● About this task
Give again, unaltered, the lines of the listing below that run from the line having "Music Star (marrom)." through the line having "此外,4、8号线及6号线东段".

● Task data
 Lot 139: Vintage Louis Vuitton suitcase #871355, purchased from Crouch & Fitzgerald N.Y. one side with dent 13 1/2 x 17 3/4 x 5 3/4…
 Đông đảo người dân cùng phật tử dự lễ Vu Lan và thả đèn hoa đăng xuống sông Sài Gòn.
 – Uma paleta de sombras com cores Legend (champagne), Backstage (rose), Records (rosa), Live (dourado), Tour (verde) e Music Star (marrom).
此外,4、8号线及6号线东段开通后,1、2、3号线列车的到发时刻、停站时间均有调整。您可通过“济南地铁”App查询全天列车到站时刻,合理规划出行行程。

--

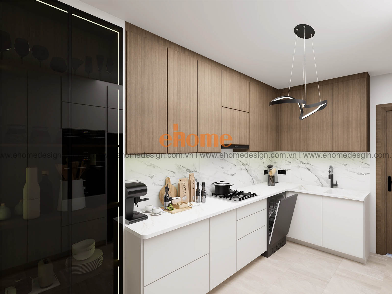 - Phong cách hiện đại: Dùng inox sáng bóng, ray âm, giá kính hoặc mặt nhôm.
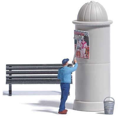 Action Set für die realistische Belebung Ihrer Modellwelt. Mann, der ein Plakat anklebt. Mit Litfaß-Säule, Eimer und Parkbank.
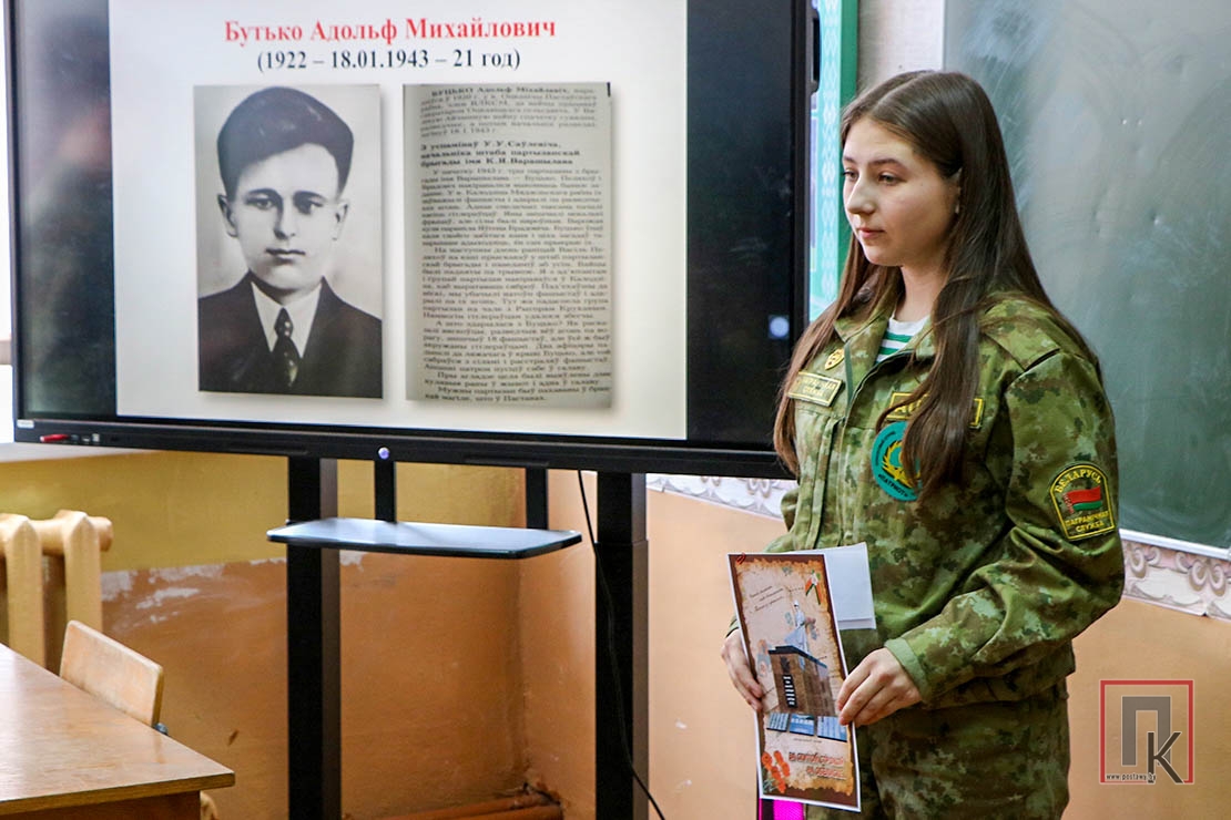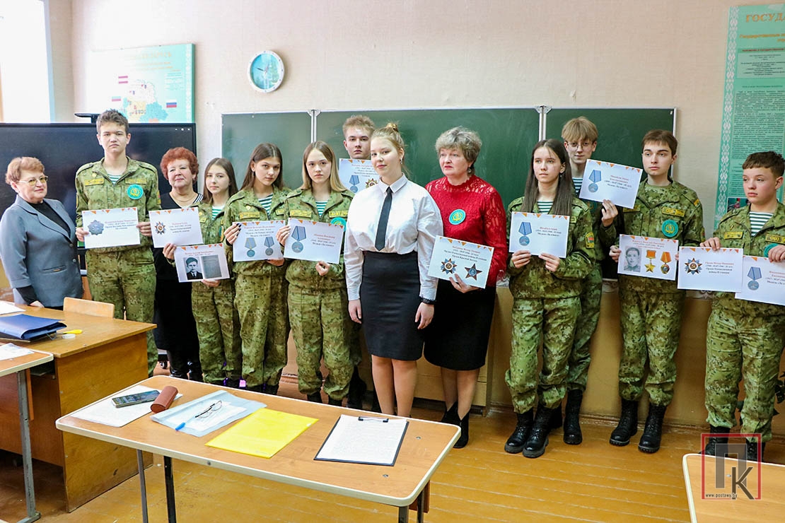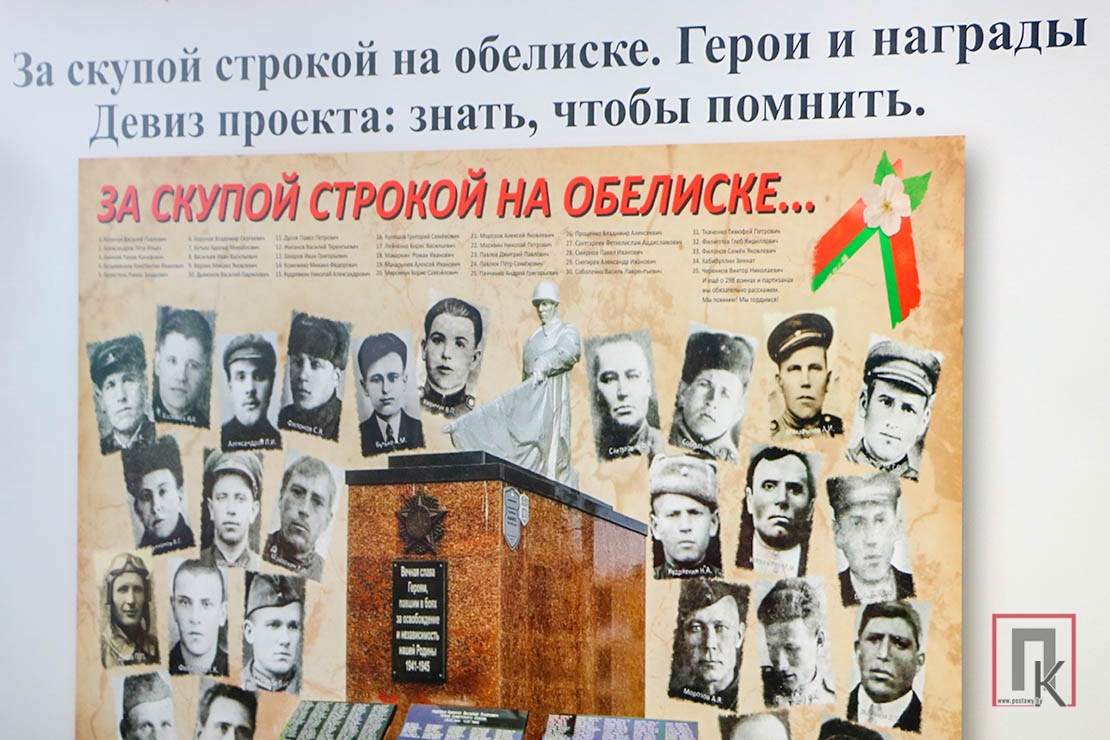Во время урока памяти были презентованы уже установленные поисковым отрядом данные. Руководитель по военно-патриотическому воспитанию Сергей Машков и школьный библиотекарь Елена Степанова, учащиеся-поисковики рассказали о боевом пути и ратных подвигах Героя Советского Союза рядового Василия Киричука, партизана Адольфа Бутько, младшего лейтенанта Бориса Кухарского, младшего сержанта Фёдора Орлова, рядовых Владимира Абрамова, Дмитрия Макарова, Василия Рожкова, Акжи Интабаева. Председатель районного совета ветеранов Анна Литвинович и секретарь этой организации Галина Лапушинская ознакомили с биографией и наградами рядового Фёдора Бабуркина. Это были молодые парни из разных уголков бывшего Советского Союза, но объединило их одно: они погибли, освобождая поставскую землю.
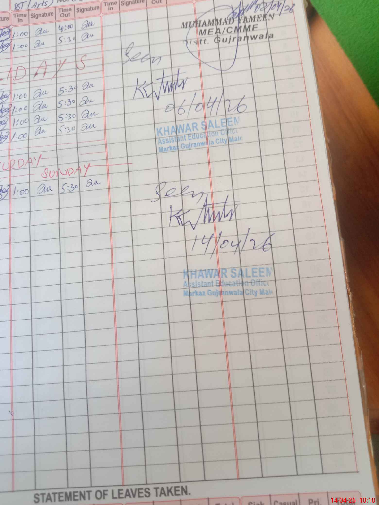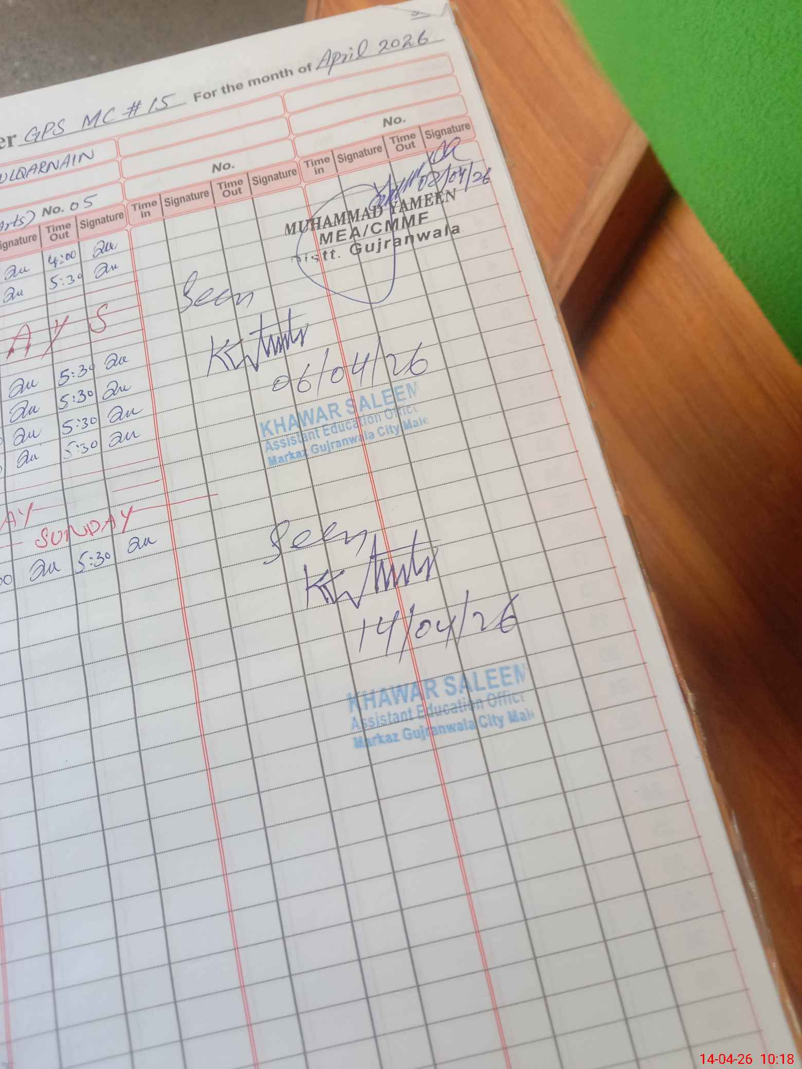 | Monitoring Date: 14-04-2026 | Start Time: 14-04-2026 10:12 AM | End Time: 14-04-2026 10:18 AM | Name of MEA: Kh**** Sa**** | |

---

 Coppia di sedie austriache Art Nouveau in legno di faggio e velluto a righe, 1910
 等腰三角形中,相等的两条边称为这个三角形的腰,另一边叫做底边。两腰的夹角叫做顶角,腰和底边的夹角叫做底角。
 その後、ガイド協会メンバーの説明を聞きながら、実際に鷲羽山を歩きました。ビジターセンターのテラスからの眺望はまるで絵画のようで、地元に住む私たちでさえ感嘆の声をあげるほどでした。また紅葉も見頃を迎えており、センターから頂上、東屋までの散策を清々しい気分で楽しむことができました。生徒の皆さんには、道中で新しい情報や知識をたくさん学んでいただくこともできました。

● Final answer
 – Uma paleta de sombras com cores Legend (champagne), Backstage (rose), Records (rosa), Live (dourado), Tour (verde) e Music Star (marrom).
此外,4、8号线及6号线东段开通后,1、2、3号线列车的到发时刻、停站时间均有调整。您可通过“济南地铁”App查询全天列车到站时刻,合理规划出行行程。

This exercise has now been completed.